Lily’s parents, Charles and Suzanne Walder, worried about her, as every parent worries for their children, they said, but saw how happy and confident she was in Israel.
“She loved it,” Charles said.
“Yeah, and she was good at it,” Suzanne added. Watching their daughter’s graduation ceremony from boot camp in Israel was “one of the proudest moments of our lives,” Suzanne went on to say.
And, much to Lily’s pleasant surprise, the army turned out to be welcoming and respectful to women, treating everyone as soldiers, she said.
“I am so impressed with the Israeli army and how they treat women there,” she continued. “I always felt very much respected, very much appreciated and taken seriously.”
It was Lily’s love for Israel that carried her through aliyah and IDF service, and, at least for now, she’s staying put. Israel is home.

Yossi, Gil and Lily all served either right after, or shortly after, graduation from high school. That’s the most frequent choice, but it’s not how Alex Simone, 28, a 2006 Beth Tfiloh grad, did it. He did the college life first and, once graduating, felt a bit adrift in his early 20s.
“Part of it was just looking for adventure after university,” he admitted. “I was only 22 and I thought, ‘Yeah, I could do this.’ This was something that really connected with me at the time. So, I decided I could do it and eventually found I had to do it.”
For Alex, telling his parents was a little tricky. He knew they would force him to defend his position. So, he researched his way to success.
“They were tough conversations,” he said. “I made sure I did my research and had some plans ahead of time.” His father, Vito Simone, agreed he and his wife, Gail, wanted to ensure their son knew what he was doing.
“When he first brought it up, of course, my wife was scared to death, and we both challenged Alex vigorously to defend his decision,” said Vito, who served in the U.S. Air Force in the 1970s. “That’s our parenting style, I guess you could say.”

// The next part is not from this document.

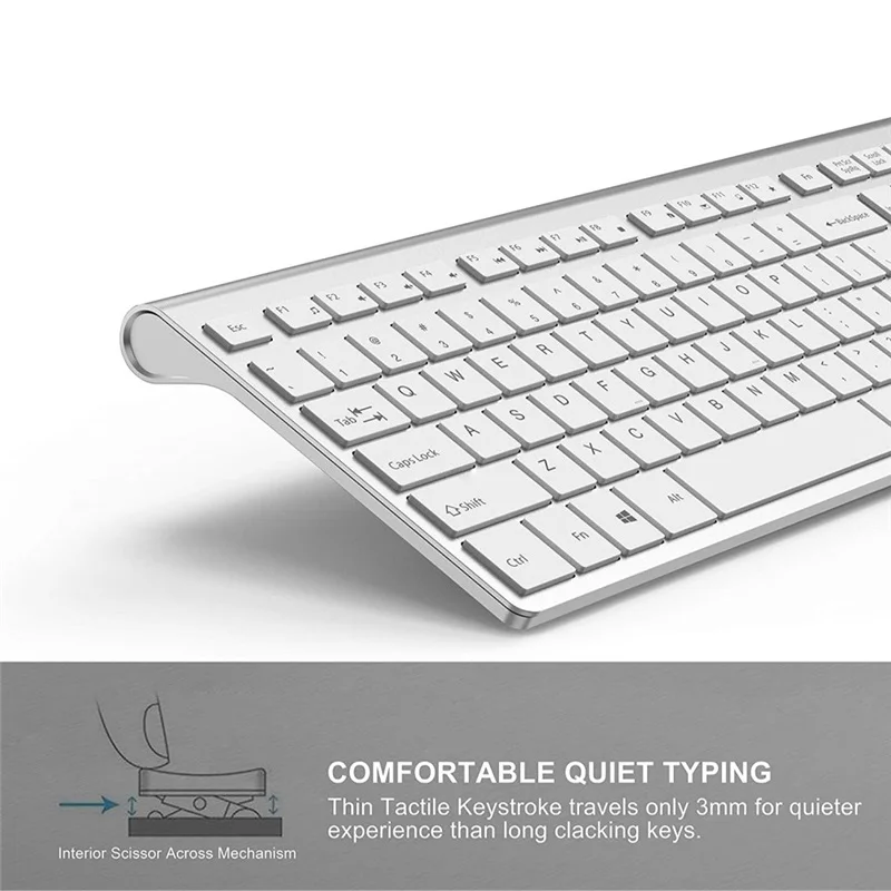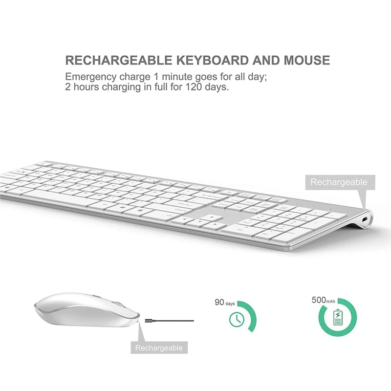 ● Перезаряжаемые вторичные батареи-нет необходимости заменять или утилизировать щелочные батареи больше! Как беспроводная клавиатура, так и мышь встроены литий-ионные аккумуляторы емкостью 500 мА · ч; Одна полная зарядка обеспечивает более 120 часов работы. И клавиатура и мышь автоматически попадут в режим интеллектуального сна, если не будут работать в течение 20 с; Что обеспечивает высокую энергоэффективность и длительный срок службы батареи. ● Стабильное беспроводное соединение 2,4 ГГц-комбо с беспроводной клавиатурой адаптирован с улучшенным чипсетом 2,4G для бесконтактного соединения. Вы будете наслаждаться высокой эффективной гладкой работой без запутывания проводов. И один маленький нано-приемник унифицирован для клавиатуры и мыши; Сохраните usb-порты. ● Менее шумный и эргономичный дизайн-Беспроводная клавиатура: ножничный поперечный механизм обеспечивает удобство ввода текста, светильник реагирует и поднимает углы поддерживают вашу руку в течение длительного времени работы. Тихая мышь имеет мягкий щелчок, поэтому нет «щелчка» беспокоить ваше окружение больше! ● Гладкий Компактный стиль-колпачки-это тонкий плоский стиль mac для элегантности и экономии рабочего места; Тонкая клавиатура с металической отделкой сверху и форма линии потока делают его модным на вашем рабочем месте. ● Многоуровневая мышь DPI-Беспроводная тонкая мышь имеет 5 уровней регулировки DPI (800/1200/1600/2000/2400); Поэтому мы можем выбрать правильную скорость курсора в зависимости от работы, игры или Телевизор с разным разрешением или мониторы.

Alex made his case, and his family got on board “100 percent,” his dad said.
Alex, in what is apparently the Baltimore special, also joined the Paratroopers Brigade. And what started out as adventure, well, was an adventure, but it was also something more.
“To me, [Israel] means we have a place in the world,” he said. “We have no idea if we would even exist without this place.”
All those who join do so with the knowledge they may be putting their life on the line for the love of Israel — for Jordan Low, a classmate of Yossi’s at Beth Tfiloh who served as a sharpshooter in the Golani Brigade, and his family, that became a much more tangible concern in July 2014 when he and fellow soldiers were searching a potential Hamas weapons stash during Operation Protective Edge and the building was struck by two rockets, according to local media reports at the time.
Jordan held the ladder for all his fellow soldiers to get out safely, his father, Jeffrey Low, told the JT at the time, and was hospitalized for smoke inhalation.
It takes a certain kind of chutzpah — and commitment — to join up with the armed forces, any armed forces. Perhaps more than other military options, the IDF also has a specific ideological purpose, a tie to an identity that is bigger than just Israel.
“I spent part of my life dedicated to an idea greater than myself,” Yossi said, summing up his complicated thoughts on his time with the IDF. “It was extremely difficult — mentally, physically, being away from my family and America — but, yes, I would do it again.”